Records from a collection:
--- --- ---

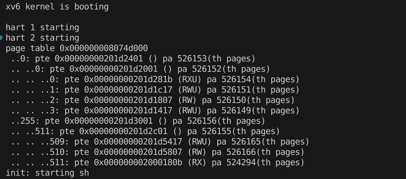 ptePrint(pagetable, 2, 0); // 从根页表开始 递归遍历和打印
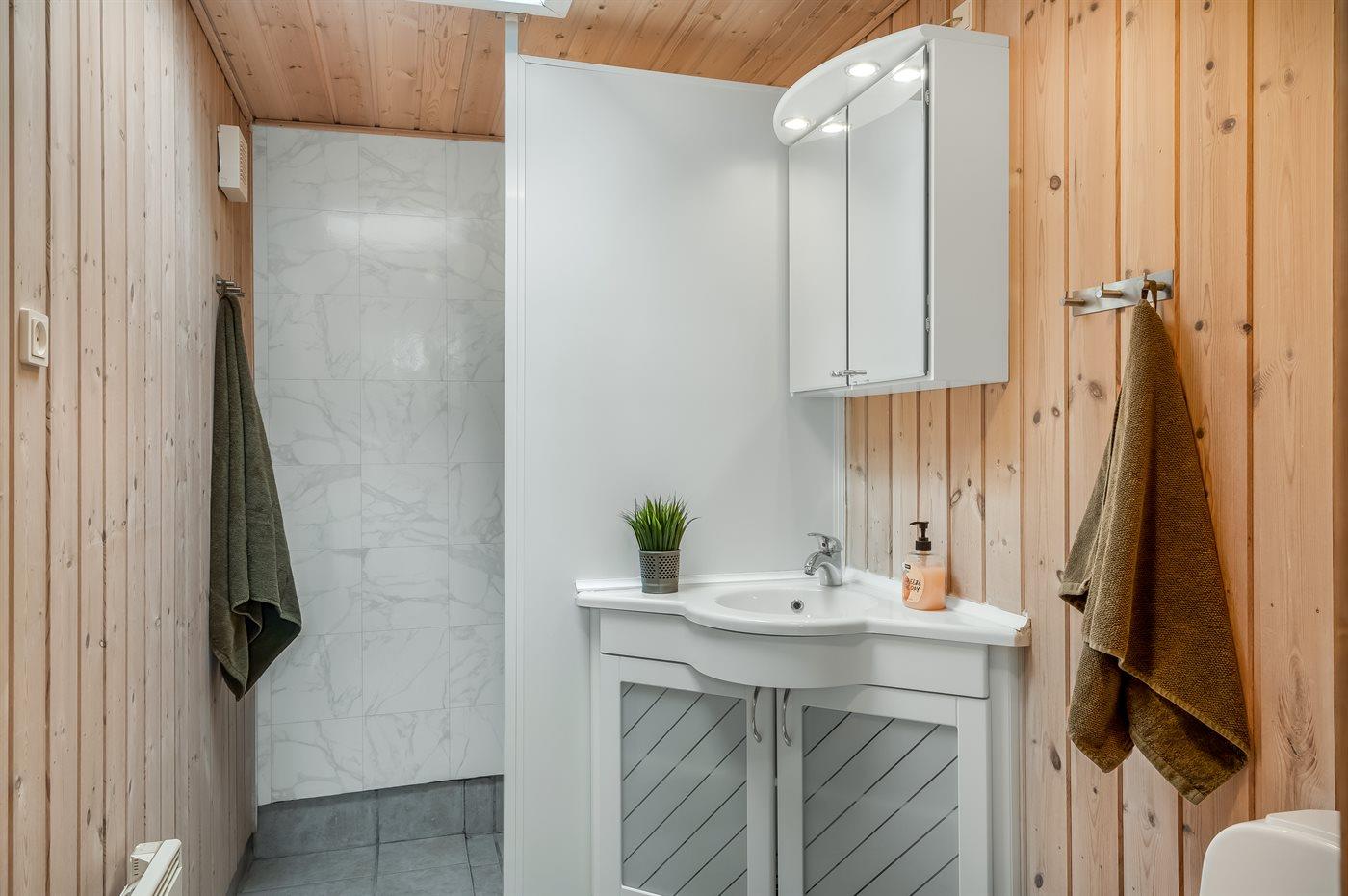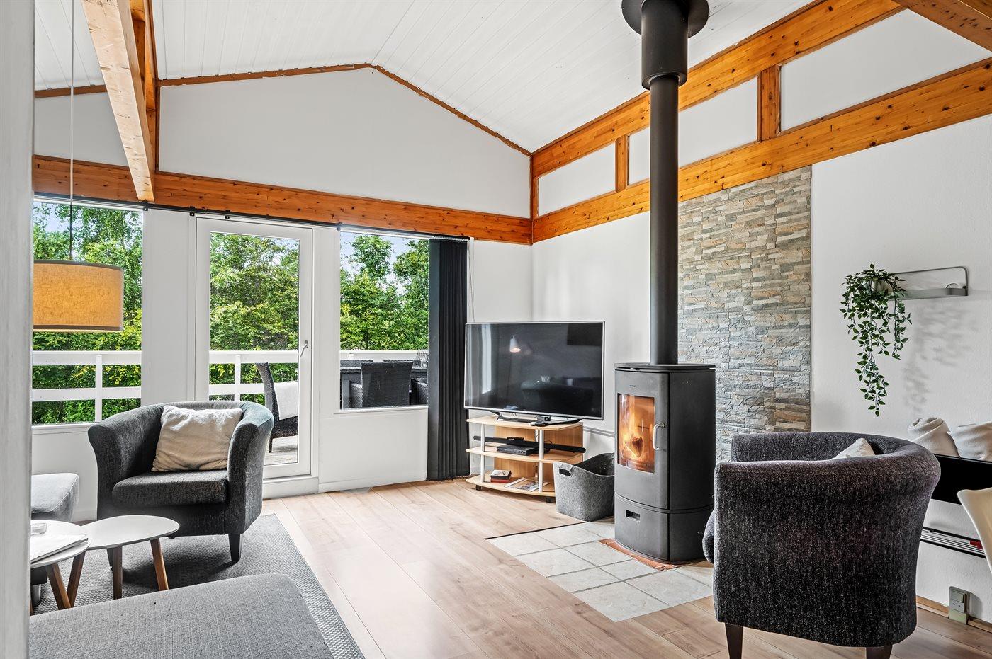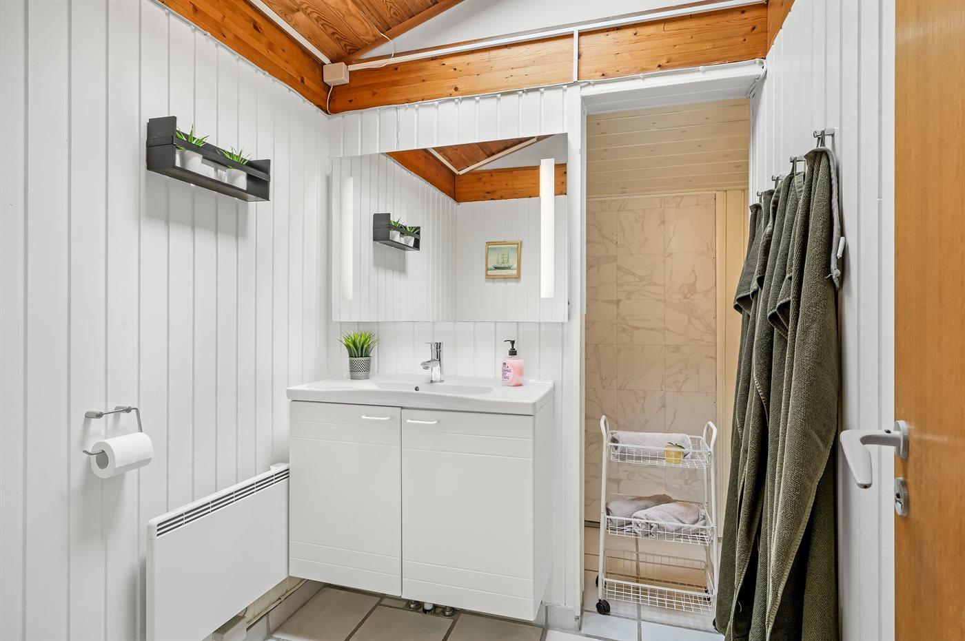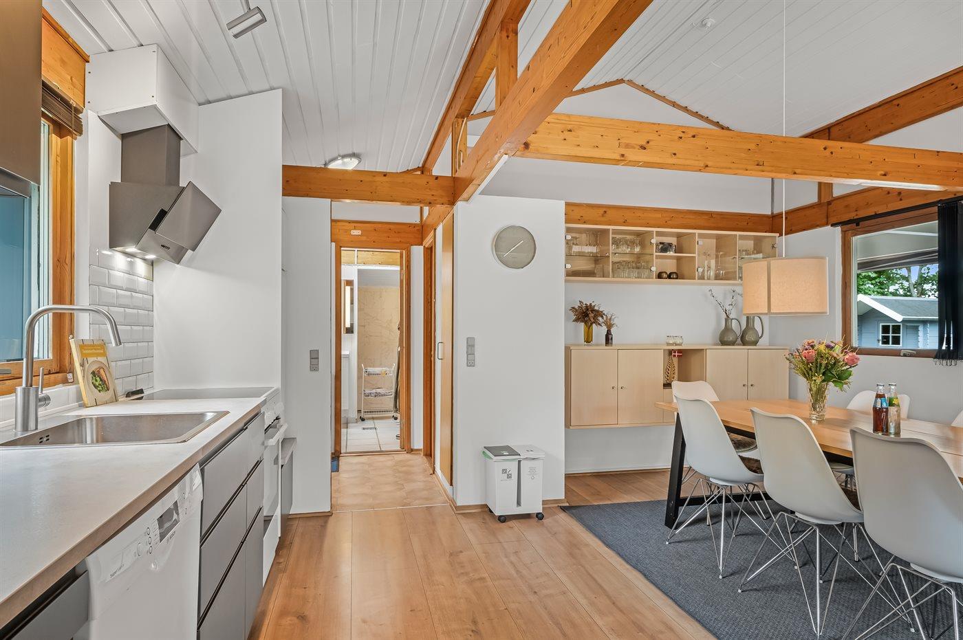 Et flot, nyrenoveret sommerhus med 4 soveværelser og 2 badeværelser beliggende i et dejligt, roligt sommerhusområde. Huset ligger højt på en lille skråning og er totalrenoveret i 2020/2021. Renoveringen omfatter bl.a. lækkert køkken-alrum med energibesparende varmepumpe, loft til kip, synlige bjælker, udgang til overdækket terrasse. Smuk opholdsstue med brændeovn med smuk stenvæg bagved, udgang til stor udsigtsterrasse med udsigt over området. Der er 2 dejlige badeværelser, begge med stor bruseniche, klinkegulv med gulvvarme og skabsmiljø. I det ene badeværelse er der ligeledes vaskesøjle med vaskemaskine og tørretumbler. Sovepladserne fordeler sig på 4 skønne soveværelser; 1 værelse med 1 køjeseng, 1 værelse med 2 enkeltsenge, 1 værelse med dobbeltseng, hvorfra der er udgang til den overdækkede terrasse samt 1 ekstraordinært stort værelse med 1 dobbeltseng og ovenlysvindue. Pæn entrè og gang. Hurtigt internet på hele 150 Mbit. Flot aktivitetsrum på 70 m2 med billardbord, bordtennis, bordfodbold og hjemmebiograf i husets kælderetage.
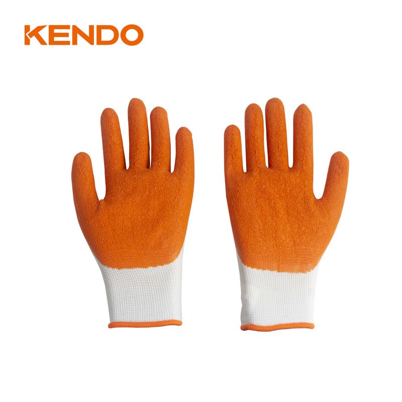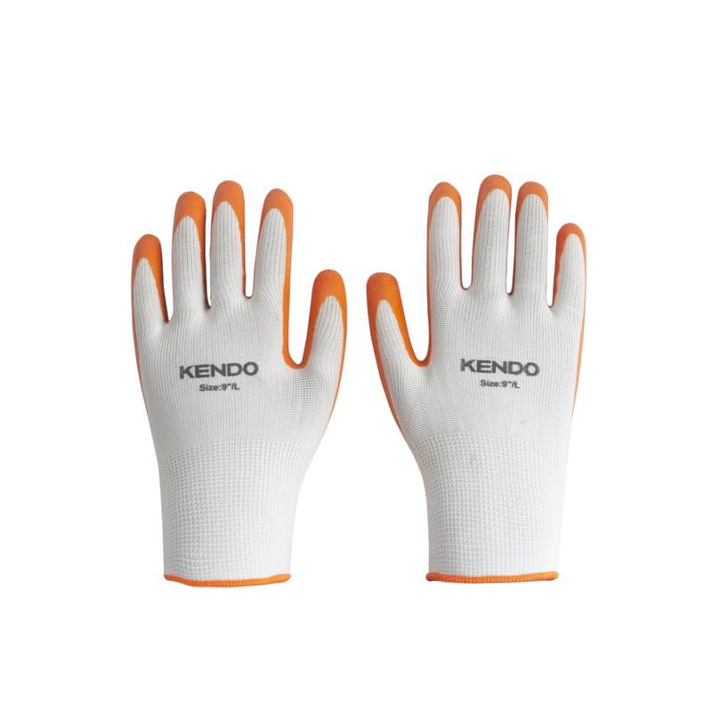 Kendo - قفازات مطلية باللاتكس، مقاس كبير وحجم 23 سم، أبيض وبرتقالي من كيندو
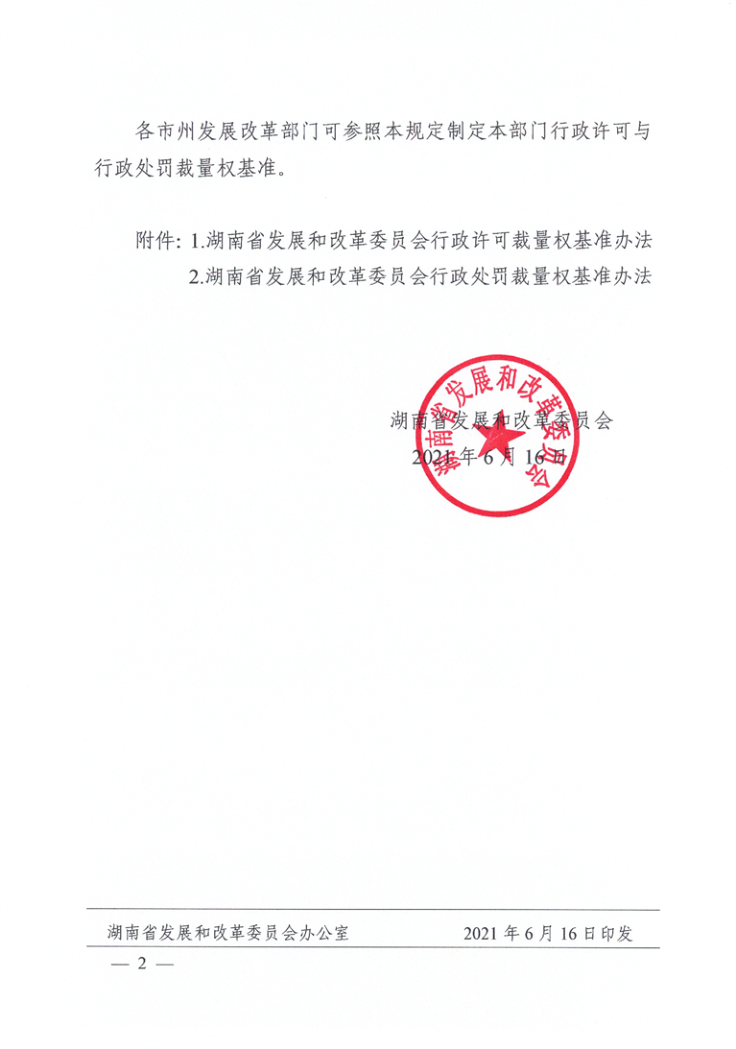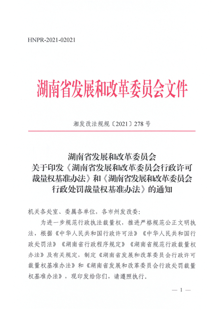 湘发改法规规〔2021〕278号 关于印发《湖南省发展和改革委员会行政许可裁量权基准办法》和《湖南省发展和改革委员会行政处罚裁量权基准办法》的通知
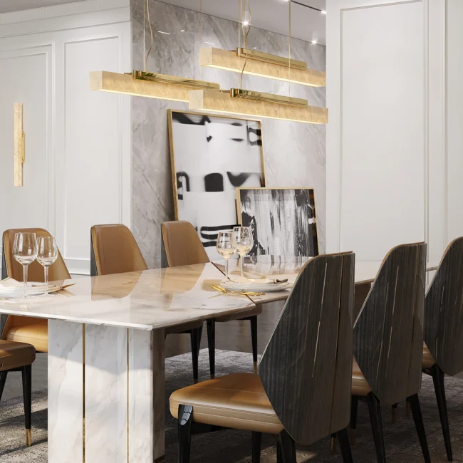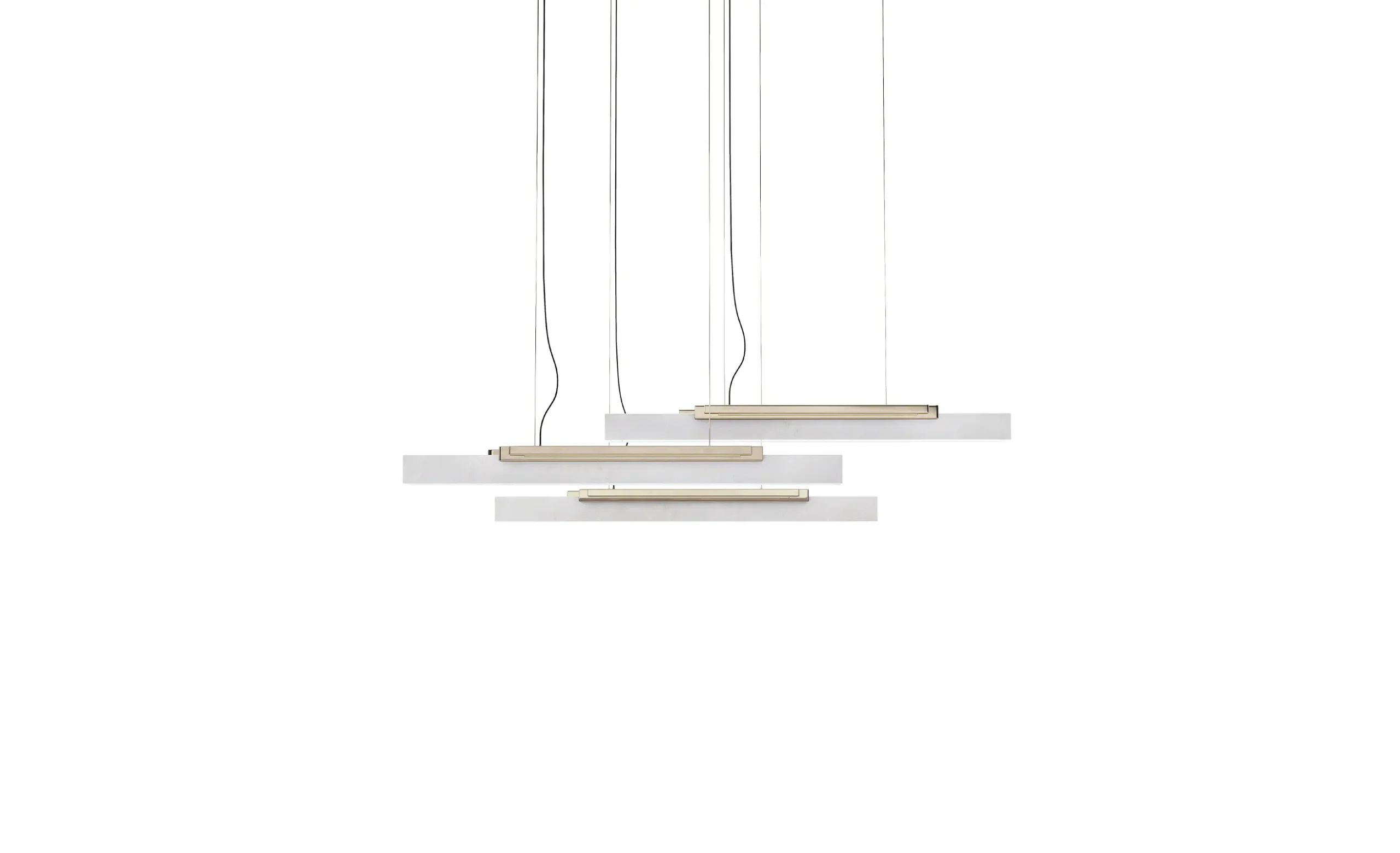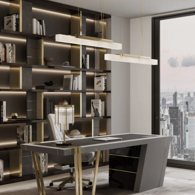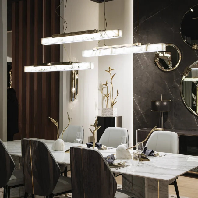 The Skyline III Suspension Lamp is a modern ensemble of three radiant luminaries suspended from a graceful canopy. Inspired by the dynamic cityscapes of bustling metropolises, the alabaster’s delicacy, and the brass’s sophistication come together to create an exceptional lighting solution for the most exclusive interior design projects.
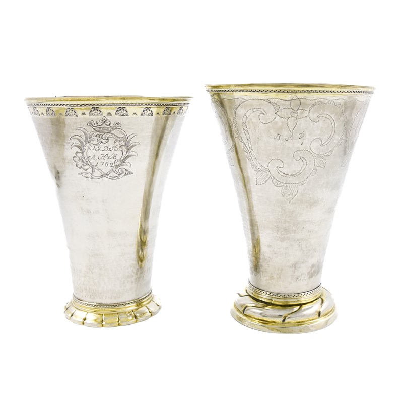 tapering circular form, gilded border, engraved foliate scroll decoration, initialled 'B.M.D' and 'A.F.S', on a lobed foot with traces of gilding, height 19.8cm, plus another 18th century Swedish silver beaker, by Henrik Nourin, Norrkoping, probably 1761, similar form, engraved with a crowned foliate cartouche, initialled 'J.D.B' over 'A.H.B', '1762', height 19cm, approx. total weight 27.6oz. (2)
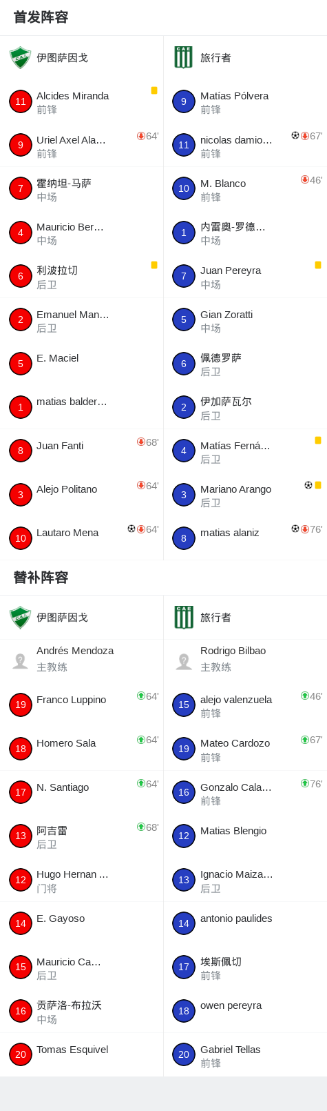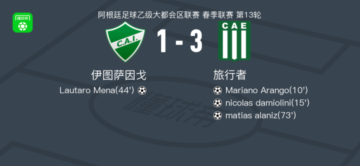 北京时间4月26日阿根廷足球乙级大都会区联赛 春季联赛 第13轮,伊图萨因戈主场对阵旅行者。伊图萨因戈Lautaro Mena破门。旅行者Mariano Arango破门,nicolas damiolini破门,matias alaniz破门。最终比分意杜萨高 1–3 旅行者。
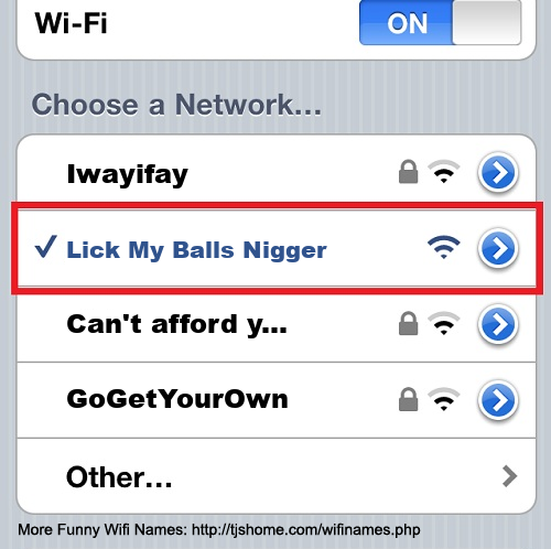 Funny WiFi Name #5517 [Lick My Balls Nigger ]
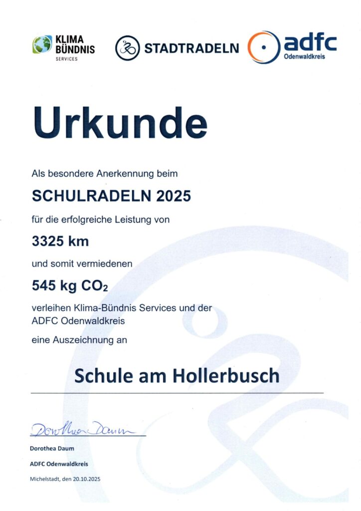 Mit einer beachtlichen Bilanz endete das Schul- und Stadtradeln 2025 im Odenwaldkreis: Innerhalb von drei Wochen wurden insgesamt 150.235 Kilometer auf dem Fahrrad zurückgelegt. Besonders aktiv waren die Schulen: 13 Bildungseinrichtungen radelten zusammen 97.715 Kilometer. Bei der Abschlussveranstaltung in Höchst, zu der der ADFC Odenwaldkreis und das Schulradelteam Michelstadt/Erbach eingeladen hatten, nahmen Frau Gaubatz und Frau Schnell unsere Urkunde entgegen.

--- --- ---

▸ **WORK TASK**: Retype each entry above character for character; pictures stay out.

▸ **TASK OUTPUT**:
 ptePrint(pagetable, 2, 0); // 从根页表开始 递归遍历和打印
 Et flot, nyrenoveret sommerhus med 4 soveværelser og 2 badeværelser beliggende i et dejligt, roligt sommerhusområde. Huset ligger højt på en lille skråning og er totalrenoveret i 2020/2021. Renoveringen omfatter bl.a. lækkert køkken-alrum med energibesparende varmepumpe, loft til kip, synlige bjælker, udgang til overdækket terrasse. Smuk opholdsstue med brændeovn med smuk stenvæg bagved, udgang til stor udsigtsterrasse med udsigt over området. Der er 2 dejlige badeværelser, begge med stor bruseniche, klinkegulv med gulvvarme og skabsmiljø. I det ene badeværelse er der ligeledes vaskesøjle med vaskemaskine og tørretumbler. Sovepladserne fordeler sig på 4 skønne soveværelser; 1 værelse med 1 køjeseng, 1 værelse med 2 enkeltsenge, 1 værelse med dobbeltseng, hvorfra der er udgang til den overdækkede terrasse samt 1 ekstraordinært stort værelse med 1 dobbeltseng og ovenlysvindue. Pæn entrè og gang. Hurtigt internet på hele 150 Mbit. Flot aktivitetsrum på 70 m2 med billardbord, bordtennis, bordfodbold og hjemmebiograf i husets kælderetage.
 Kendo - قفازات مطلية باللاتكس، مقاس كبير وحجم 23 سم، أبيض وبرتقالي من كيندو
 湘发改法规规〔2021〕278号 关于印发《湖南省发展和改革委员会行政许可裁量权基准办法》和《湖南省发展和改革委员会行政处罚裁量权基准办法》的通知
 The Skyline III Suspension Lamp is a modern ensemble of three radiant luminaries suspended from a graceful canopy. Inspired by the dynamic cityscapes of bustling metropolises, the alabaster’s delicacy, and the brass’s sophistication come together to create an exceptional lighting solution for the most exclusive interior design projects.
 tapering circular form, gilded border, engraved foliate scroll decoration, initialled 'B.M.D' and 'A.F.S', on a lobed foot with traces of gilding, height 19.8cm, plus another 18th century Swedish silver beaker, by Henrik Nourin, Norrkoping, probably 1761, similar form, engraved with a crowned foliate cartouche, initialled 'J.D.B' over 'A.H.B', '1762', height 19cm, approx. total weight 27.6oz. (2)
 北京时间4月26日阿根廷足球乙级大都会区联赛 春季联赛 第13轮,伊图萨因戈主场对阵旅行者。伊图萨因戈Lautaro Mena破门。旅行者Mariano Arango破门,nicolas damiolini破门,matias alaniz破门。最终比分意杜萨高 1–3 旅行者。
 Funny WiFi Name #5517 [Lick My Balls Nigger ]
 Mit einer beachtlichen Bilanz endete das Schul- und Stadtradeln 2025 im Odenwaldkreis: Innerhalb von drei Wochen wurden insgesamt 150.235 Kilometer auf dem Fahrrad zurückgelegt. Besonders aktiv waren die Schulen: 13 Bildungseinrichtungen radelten zusammen 97.715 Kilometer. Bei der Abschlussveranstaltung in Höchst, zu der der ADFC Odenwaldkreis und das Schulradelteam Michelstadt/Erbach eingeladen hatten, nahmen Frau Gaubatz und Frau Schnell unsere Urkunde entgegen.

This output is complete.